Hughes also grew more conservative as he aged. He became increasingly concerned about Wilson’s regulations over corporations, which he felt was undermining liberty and individualism. There’s a corporate Republican for you. By the time Robert LaFollette was engaging in his (pointless) third party run as a Progressive in 1924, Hughes was flipping out about the evils of nearly all regulation. Hughes also became Warren Harding’s Secretary of State in 1921. His most notable achievement was negotiating the Washington Naval Treaties. He served a full term, resigning after Calvin Coolidge won a full term in 1924. He became a corporate lawyer at this point, arguing 50 cases before the Supreme Court between 1925 and 1930. He also remained involved in the foreign policy community, particularly on Latin American issues. The Republican right-wing, concerned about that crazy radical Herbert Hoover becoming president in 1928, tried to recruit Hughes to run again, but he refused and endorsed Hoover.

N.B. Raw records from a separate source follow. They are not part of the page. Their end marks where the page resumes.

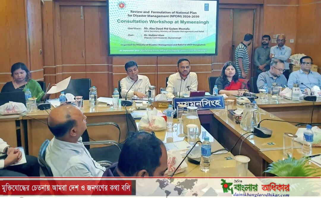 ময়মনসিংহে জাতীয় দুর্যোগ ব্যবস্থাপনায় পরিকল্পনা প্রণয়ন সংক্রান্ত পরামর্শক এক কর্মশালা অনুষ্ঠিত হয়েছে।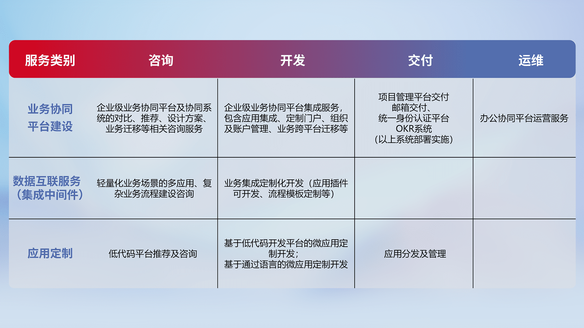 针对钉钉、、企微、、IDaas等平台级产品提供产品的规划、、方案、、、、交付、、、定制化开发等服务,,,,实现如统一协同办公、、智能客户服务、、、、混合会议管理、、智能数据查询、、、、等业务场景,,,实现数字化转型。。。。
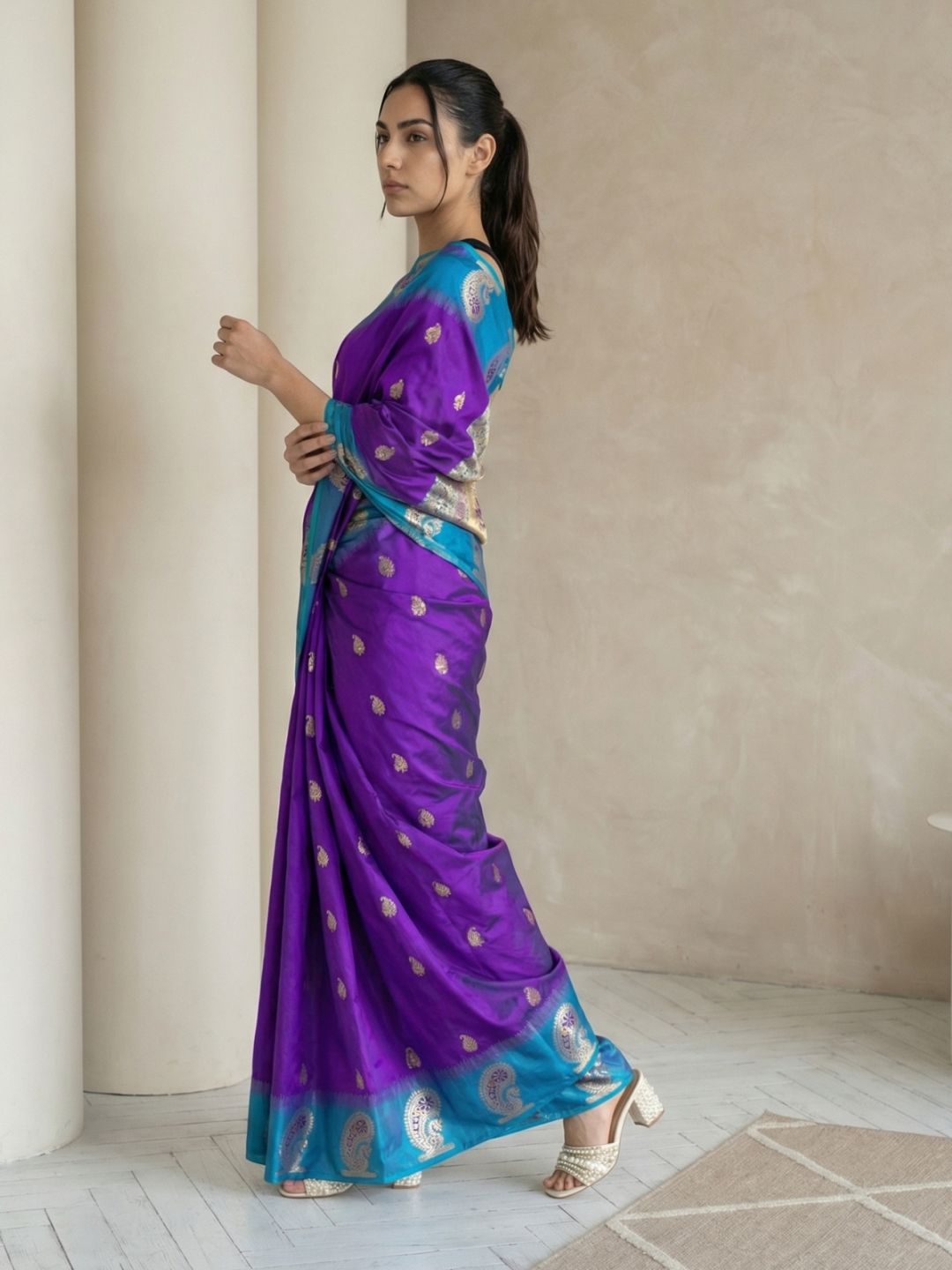 Violet Soft Silk Banarasi Peacock Zari Woven Saree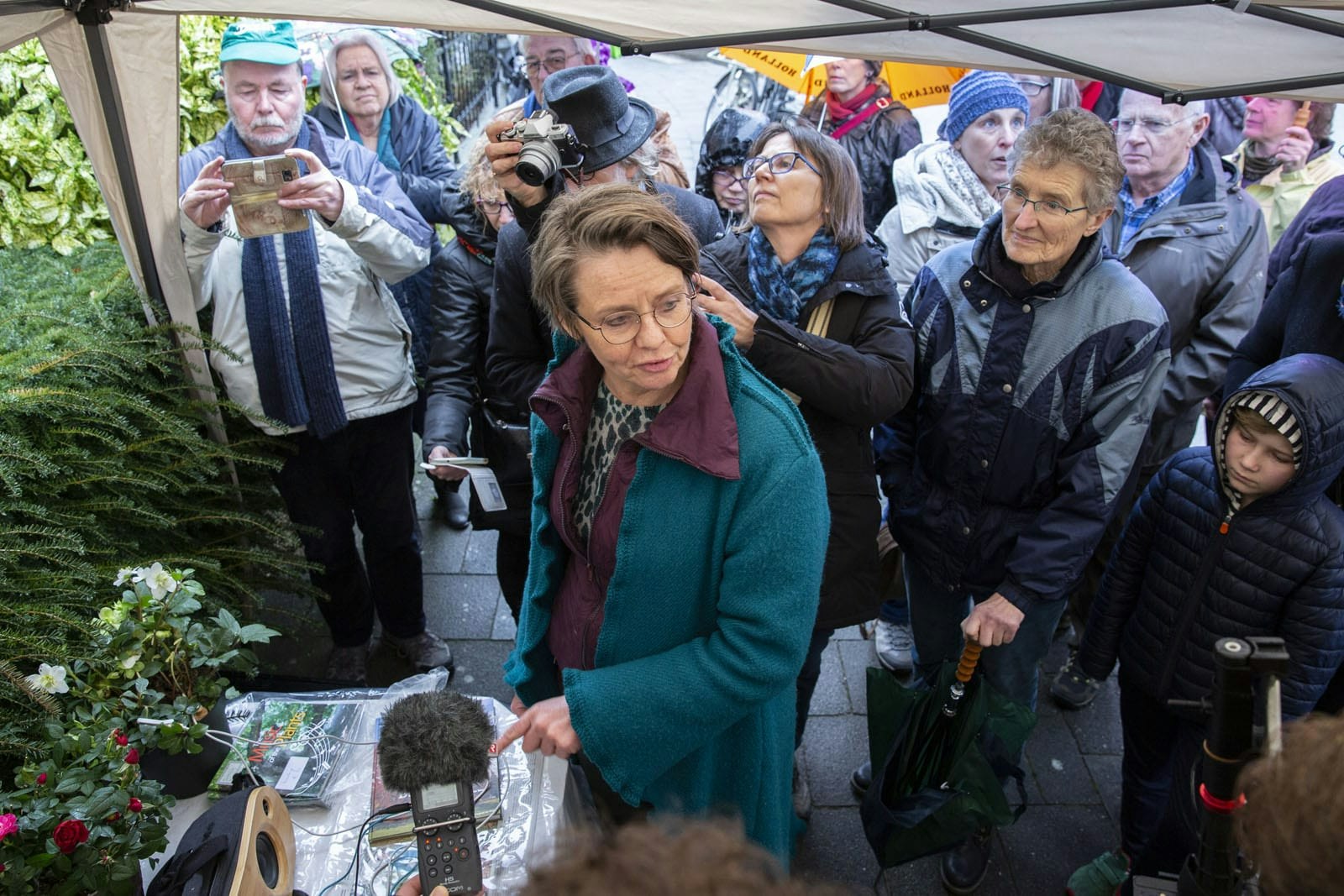 Maarten Schild is één van de initiatiefnemers van de afscheidsbijeenkomst. Hij beet zondagmiddag het spits af. Schild sprak over de iconische Utrechtse rode beuk. “Het is een goede vriend en ik ga hem erg missen. Vandaag staan we stil bij de herinneringen aan de beuk die we met de hele gemeenschap delen.” Vanwege de regen stonden de sprekers onder een partytent en het publiek stond daaromheen.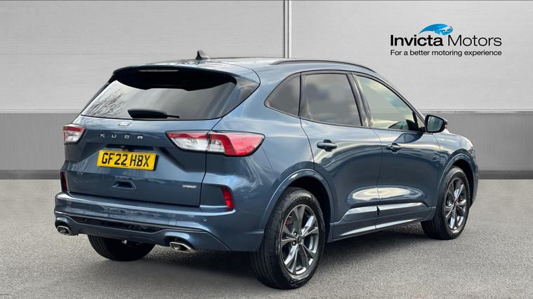 A stunning low mileage self charging Kuga ST-Line Edition, finished in the metallic Chrome Blue. Never lose your way again with the inbuilt Sat Nav, plus our Kuga comes with Power Tailgate, Cruise Control, Automatic Headlights, Rain Sensing Wipers, Front and Rear Parking Sensors with Colour Rear Camera, One-Touch Electric Windows, Ford SYNC Bluetooth, Dual Zone Climate Control, and a DAB Radio with USB and AUX in. Qualifies for Warranty4Life*.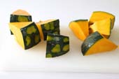 かぼちゃは種を取り、4X5.5cm位の食べやすい大きさに切る。 皮目を包丁でところどころそぎ、味をしみやすくする。 |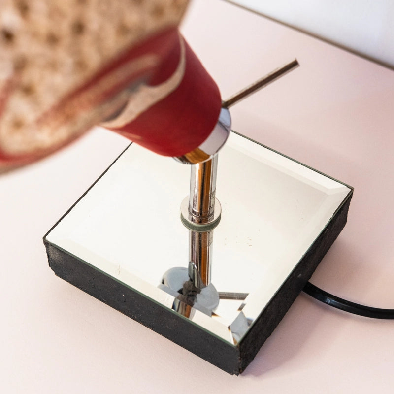 Expertly crafted and aesthetically pleasing, this gourd lamp features exquisite wood-burning, intricate carvings, and a stunning finish using Wellburn inks. It is elegantly displayed on a mirrored wooden base for a touch of sophistication.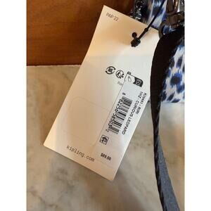 New Kipling Curious Leopard Print Crossbody Bag in Blue print. Features zippered top with 3 separate pockets and exterior slip pocket. Features Metal Louise the monkey. 100% polyester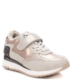 Zapatilla de niña, de la marca Xti Kids. Fabricada en textil metalizado combinado en material que imita a la piel. Cierre mediante tira autoadherente con cordones elásticos decorativos. Zapatilla para los días más frios gracias a su confortable forro y suela aislante de goma antideslizante. Este modelo ha obtenido el certificado vegano por la organización mundial PETA (Organización de los derechos de los animales).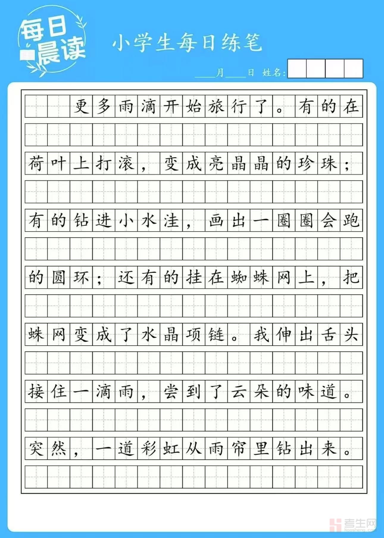 资料已上传至考生网,下载路径简单便捷:登录考生网,在搜索栏输入“《雨滴的旅行》晨读+练笔资料”,即可一键获取。你可以在清晨伴着晨光品读雨滴的旅行故事,唤醒一天的创意与温情;也可以在雨天窗边,结合实际观察完成练笔题目,将雨滴的灵动与自然的诗意付诸文字。坚持每日阅读与练习,不仅能显著提升文字表达能力,更能让你学会从平凡的自然现象中发现美好,让写作成为记录自然、传递创意的方式。
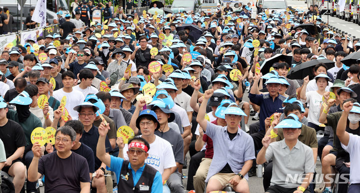 [세종=뉴시스] 강종민 기자 = 전국철도노조가 22일 세종시 정부세종청사 기획재정부 앞에서 서울지방본부 결의대회를 열고 성과급 지급기준 합의이행과 외주·인력감축 중단, 안전인력 충원 등을 촉구하고 있다. 2024.07.22. [email protected]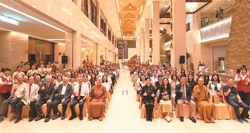「華彩萬象──石窟藝術沉浸體驗」1日於佛光山佛陀紀念館本館大堂開幕,館長如常法師(前排左6)偕中國國家博物館副館長丁鵬勃(前排右5)、佛光山榮譽功德主鄭經綸(前排左5)等貴賓,共350人出席。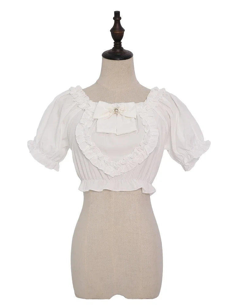 This chiffon blouse is the definition of soft and sweet! With delicate puff sleeves, a cute bow detail, and a lightweight feel, it’s perfect for a dreamy Lolita-inspired look. The super-short length makes it ideal for layering over dresses or pairing with high-waisted skirts for that effortless kawaii aesthetic.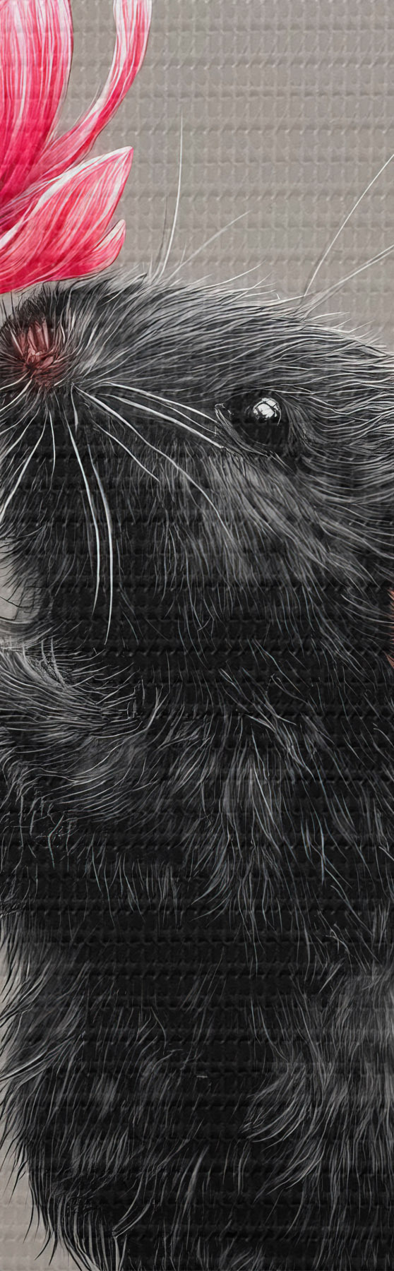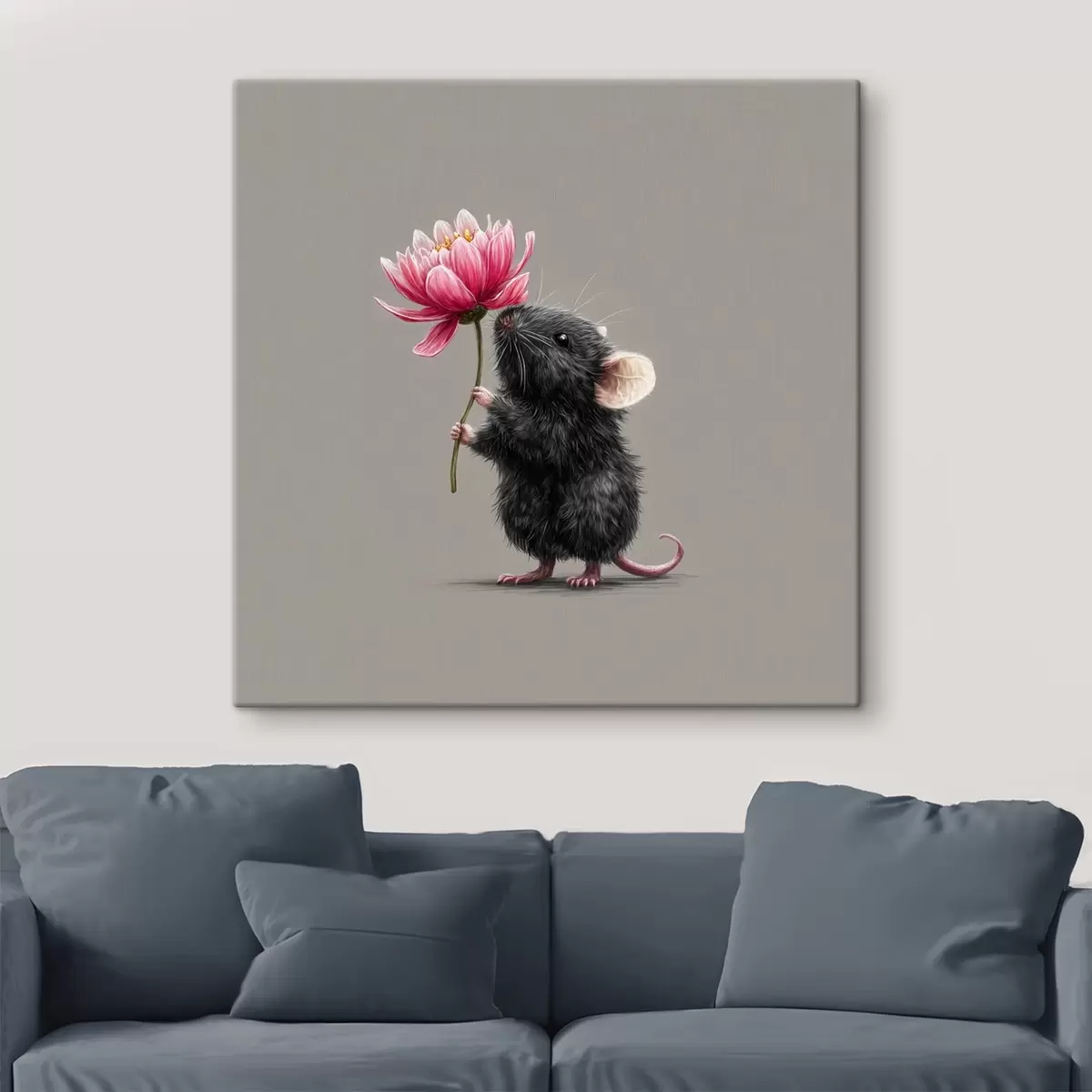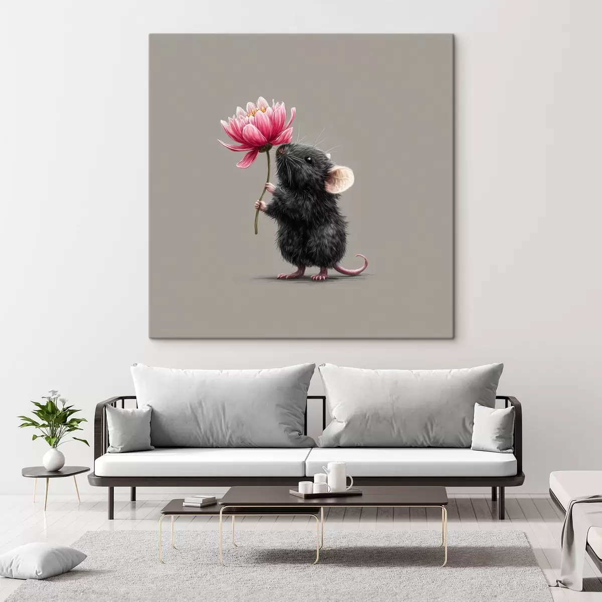 Schilderij Charmante muis inhaleert de geur van een roze pioenroos Art. s44248

Hoover paid that debt off by naming Hughes Chief Justice of the Supreme Court in 1930, replacing Taft. He was only confirmed 52-26, a lot of opposition for that time, primarily because he had become such a corporate hack. Progressives in both parties were highly concerned that he would rule strictly for corporations, but he ended up more moderate than expected, even after Franklin Roosevelt became president. Early on, Hughes voted with his conservative colleagues to strike down legislation such as the NRA and AAA, but by 1935, he felt the other conservatives had gone off the rails, forgetting the importance of common law. He started voting with the liberals, at least on some cases. Hughes was highly alarmed at FDR’s courtpacking scheme and responded by working hard to ensure that the Wagner Act and Social Security Act were ruled constitutional, demonstrating that despite Roosevelt’s bad move and the long-term damage this did to him, in the short-term it did ensure that critical legislation remained. Hughes remained Chief Justice until 1941, when he retired. He died in 1948.

Charles Evans Hughes is buried in Woodlawn Cemetery, Bronx, New York.